Alexander Glazunov was a member of the "Belyayev Circle" in St Petersburg, a group of composers connected with the wealthy patron, amateur musician and publisher Mitrofan Belyayev who supported emerging composers and musicians, frequently holding salons in his palatial estate. It was for one of these gatherings in 1886 that a 21-year-old Glazunov composed his Novelettes for string quartet. This concert includes three of them: Orientale, Interludium in modo antico and All’Ungharese
Shostakovich wrote his short, charming and brilliant first quartet in 1938, shortly after the successful premiere of his fifth symphony. He started writing it on the second birthday of his daughter and said that he ‘visualized childhood scenes… and bright moods associated with spring’
Esposito Quartet
The Esposito Quartet comprises four of our most distinguished musicians with a combined wealth of experience as recital artists, orchestral leaders and teachers, who have been playing as a quartet since 2010. The Quartet's name honours Michele Esposito, pianist and composer, who for forty years from 1888 was the initiator for much of the chamber music making in Dublin through the establishment of The Royal Dublin Society concert series.

Mia Cooper has lived in Dublin since her appointment as leader of the RTE Concert Orchestra in 2006. She previously held principal positions with the Royal Philharmonic Orchestra and City of London Sinfonia, has appeared as guest leader of many of the UK's symphony orchestras. Equally at home as a chamber musician, Mia has participated in chamber music festivals, in Ireland, the UK, France, India, and Lithuania. Mia studied with renowned pedagogue Yossi Zivoni at the Royal Northern College of Music, and continued her training at the Paris Conservatoire. She teaches violin at the Royal Irish Academy of Music.

Outside of her work with the Esposito quartet Anna Cashell performs regularly with her husband the pianist Simon Watterton and is a member of the Adderbury Ensemble and the Irish Chamber Orchestra. With the ICO she has performed in Heidelberg, the Wiener Konzerthaus, Würzberg, Rheingau the Lincoln Center and the Konzerthaus in Berlin. She regularly freelances with a number of orchestras in the UK such as the City of London Sinfonia, Manchester Camerata and the Northern Sinfonia. She has also performed and recorded with the Crash ensemble in America and Dublin and has recently co-commissioned a new solo violin work by the New York based composer Stephanie Anne Boyd.
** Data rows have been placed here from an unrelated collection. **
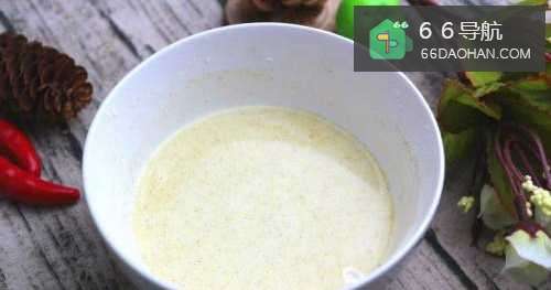 3把白糖、淀粉、胡椒粉、盐混合均匀,再倒入适量水,搅拌成面浆
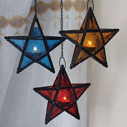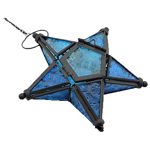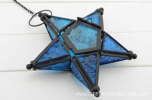 Stunning Star Glass Votive Tea Light Candle Holder Hanging Lighting Lantern Wedding Birthday Party Home Garden Decoration (Blue)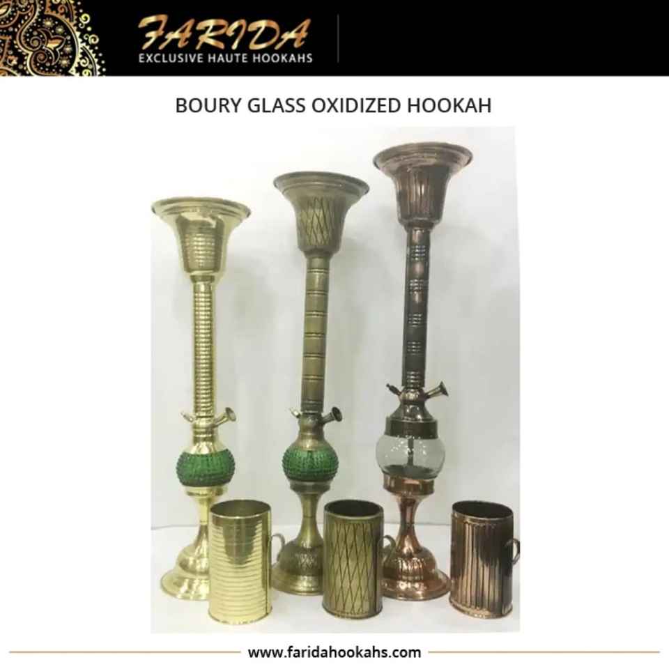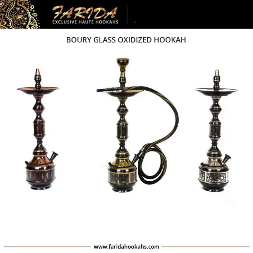 Farida Luxury Arabian Brass Boury Oxidized Hookah with Lacquer Technics

Born in East Germany, Joachim Roewer graduated from the Hochschule für Musik Weimar and the Orchesterakademie of the Berlin Philharmonic Orchestra. In 1994 Joachim decided to leave Germany to seek a new and exciting musical home for himself and moved to Ireland to become principal viola with the Irish Chamber Orchestra. For 13 years he was Course Director of the international ConCorda Chamber Music Course for Strings and he is a member of the Esposito String Quartet. Joachim teaches viola and chamber music on the MA programme in Classical Strings at the Irish World Academy of Music at the University of Limerick

William Butt enjoys a busy career as soloist, chamber musician and is professor of cello at the Royal Irish Academy of Music in Dublin. On the concert platform he has performed extensively throughout Ireland, the UK, Europe and the Far East. He is a much admired exponent of the solo repertoire, having performed and broadcast numerous works for this medium by contemporary composers, as well as the formidable solo sonatas by Kodaly and Ligeti and the suites of Bach and Britten. He has performed and broadcast all the major concerti, in 1997 he gave the Irish premiere of the Walton concerto with the National Symphony Orchestra, in 2001 the Dvorak concerto with the NSO and 2003 a tour of the Schumann concerto with the NSO. He plays on a fine cello made by Giovanni Grancino in Milan (1690).